Please retype the listing below exactly as it stands, skipping any pictures.

MATERIAL PROVIDED:
▬▬▬▬▬▬▬▬▬▬

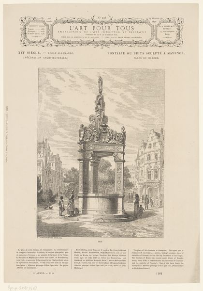Editor: This lithograph, "S'Omer, Strasbourg" by Samuel Prout, completed in 1833, offers a striking cityscape. I’m immediately drawn to the contrast between the dark, looming structure in the foreground and the delicate cathedral rising in the background. What layers of meaning do you find in this work? Curator: Prout’s "S'Omer, Strasbourg" is brimming with cultural memory. Note the fortress-like structure, it evokes a sense of the city's history and resilience through conflict and protection. Then see how the cathedral, bathed in light, represents a spiritual aspiration. Prout seems to have strategically framed the divine and the man-made – doesn’t it give you a sense of the push and pull of power? Editor: Absolutely, I see that interplay. It makes me wonder about the people populating the marketplace; they seem so small and incidental compared to the architecture. Curator: Exactly! The Romantic era was all about the sublime, and Prout uses scale to emphasize humanity's place within a much larger, historically weighted landscape. Consider the choice to portray the figures in such casual stances. Editor: It is as if they’re dwarfed not just by the architecture but by the weight of time itself. Almost frozen in place. Curator: And what about those little flags atop the foreground structure? Consider that visual detail -- a proclamation? A symbol of possession, and a mark on this urban stage? Editor: That’s a fascinating point. The flags contribute to this multi-layered impression; an atmosphere charged with spiritual yearning and an undercurrent of temporal and militaristic force. I initially focused on the formal aspects, but I see how much symbolic weight is packed into this image. Curator: Yes. These images invite us to decipher how cultural identity takes root, in structure, in symbol and, most enduringly, in the collective unconscious.
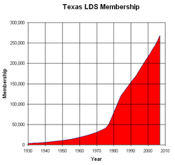 As of year-end 2010, The Church of Jesus Christ of Latter-day Saints (LDS Church) reported 296,141 members, 49 stakes,[1] three districts,[1] 557 congregations (413 wards[2] and 105 branches[2]), eight missions, and four temples in Texas.[3]
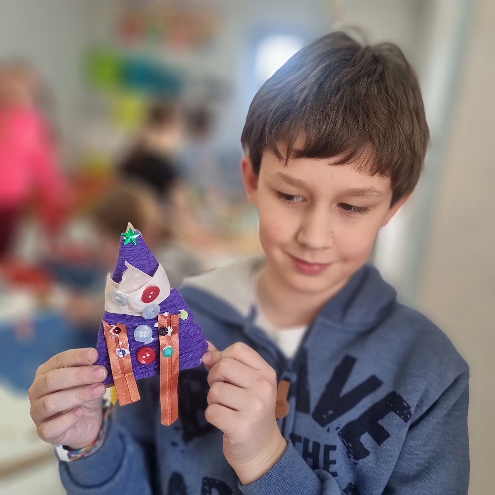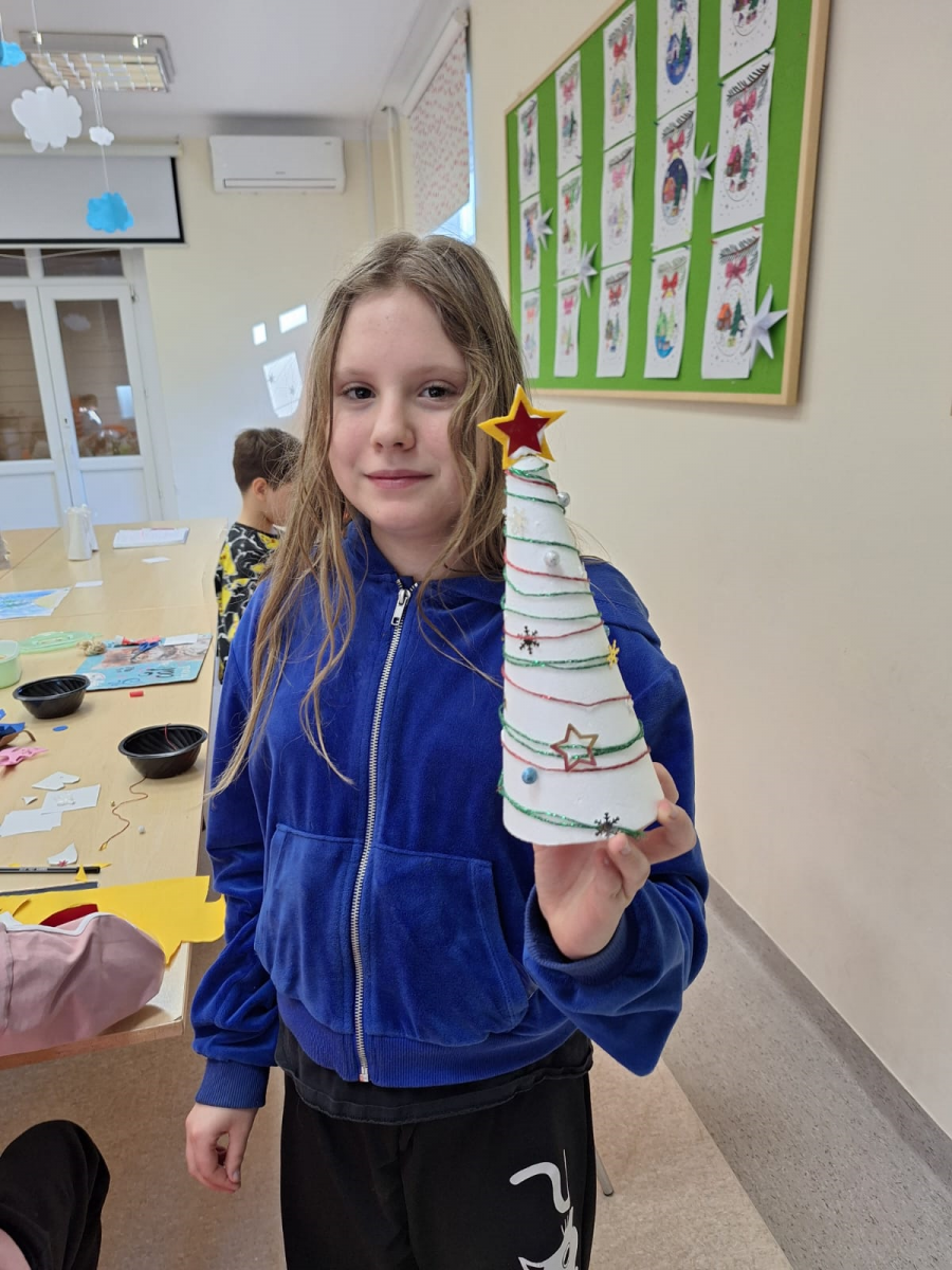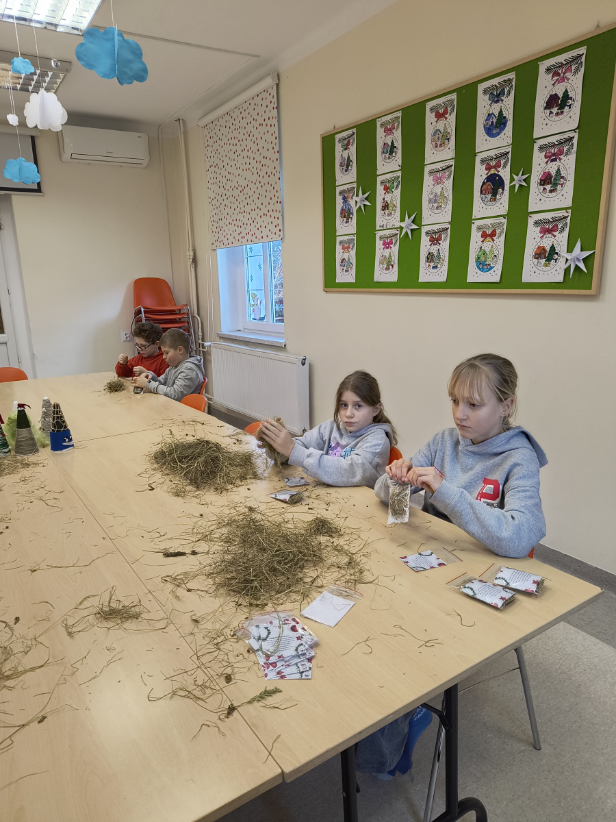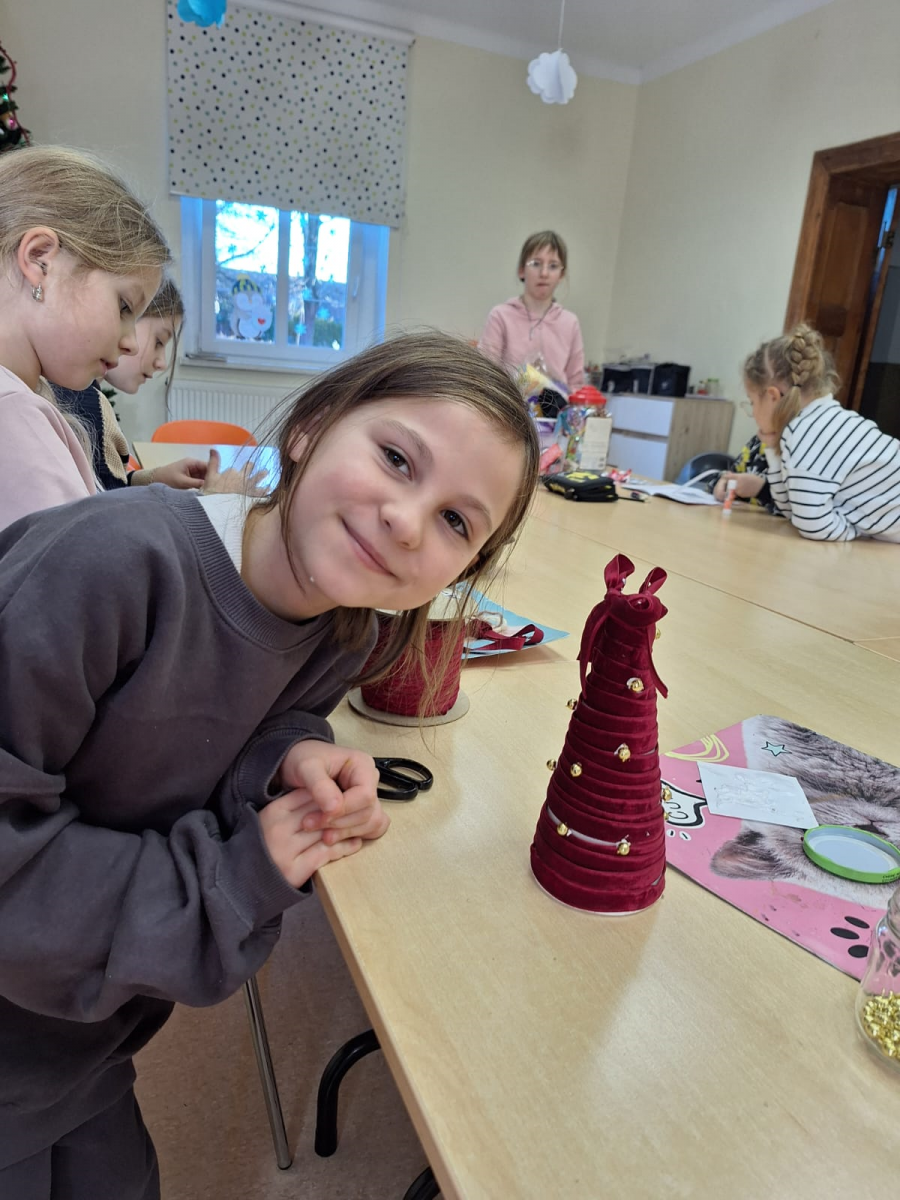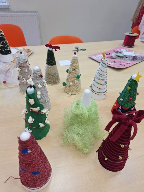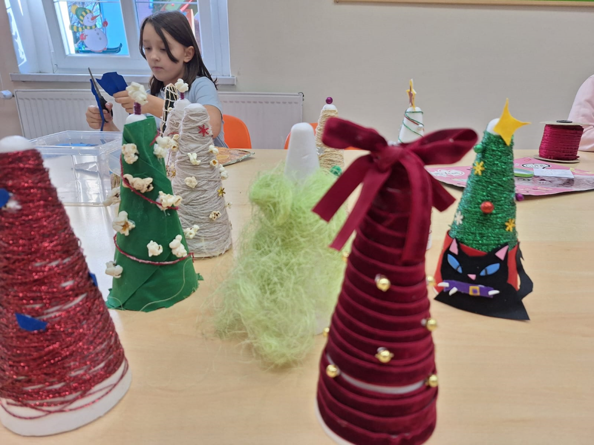 W naszej świetlicy tworzone są przepiękne ozdoby świąteczne. Choinki ozdabiamy nie tylko koralikami i gwiazdkami, ale także… popcornem. Efekt jest powalający.

▬▬▬▬▬▬▬▬▬▬

TASK ANSWER:
Editor: This lithograph, "S'Omer, Strasbourg" by Samuel Prout, completed in 1833, offers a striking cityscape. I’m immediately drawn to the contrast between the dark, looming structure in the foreground and the delicate cathedral rising in the background. What layers of meaning do you find in this work? Curator: Prout’s "S'Omer, Strasbourg" is brimming with cultural memory. Note the fortress-like structure, it evokes a sense of the city's history and resilience through conflict and protection. Then see how the cathedral, bathed in light, represents a spiritual aspiration. Prout seems to have strategically framed the divine and the man-made – doesn’t it give you a sense of the push and pull of power? Editor: Absolutely, I see that interplay. It makes me wonder about the people populating the marketplace; they seem so small and incidental compared to the architecture. Curator: Exactly! The Romantic era was all about the sublime, and Prout uses scale to emphasize humanity's place within a much larger, historically weighted landscape. Consider the choice to portray the figures in such casual stances. Editor: It is as if they’re dwarfed not just by the architecture but by the weight of time itself. Almost frozen in place. Curator: And what about those little flags atop the foreground structure? Consider that visual detail -- a proclamation? A symbol of possession, and a mark on this urban stage? Editor: That’s a fascinating point. The flags contribute to this multi-layered impression; an atmosphere charged with spiritual yearning and an undercurrent of temporal and militaristic force. I initially focused on the formal aspects, but I see how much symbolic weight is packed into this image. Curator: Yes. These images invite us to decipher how cultural identity takes root, in structure, in symbol and, most enduringly, in the collective unconscious.
 As of year-end 2010, The Church of Jesus Christ of Latter-day Saints (LDS Church) reported 296,141 members, 49 stakes,[1] three districts,[1] 557 congregations (413 wards[2] and 105 branches[2]), eight missions, and four temples in Texas.[3]
 W naszej świetlicy tworzone są przepiękne ozdoby świąteczne. Choinki ozdabiamy nie tylko koralikami i gwiazdkami, ale także… popcornem. Efekt jest powalający.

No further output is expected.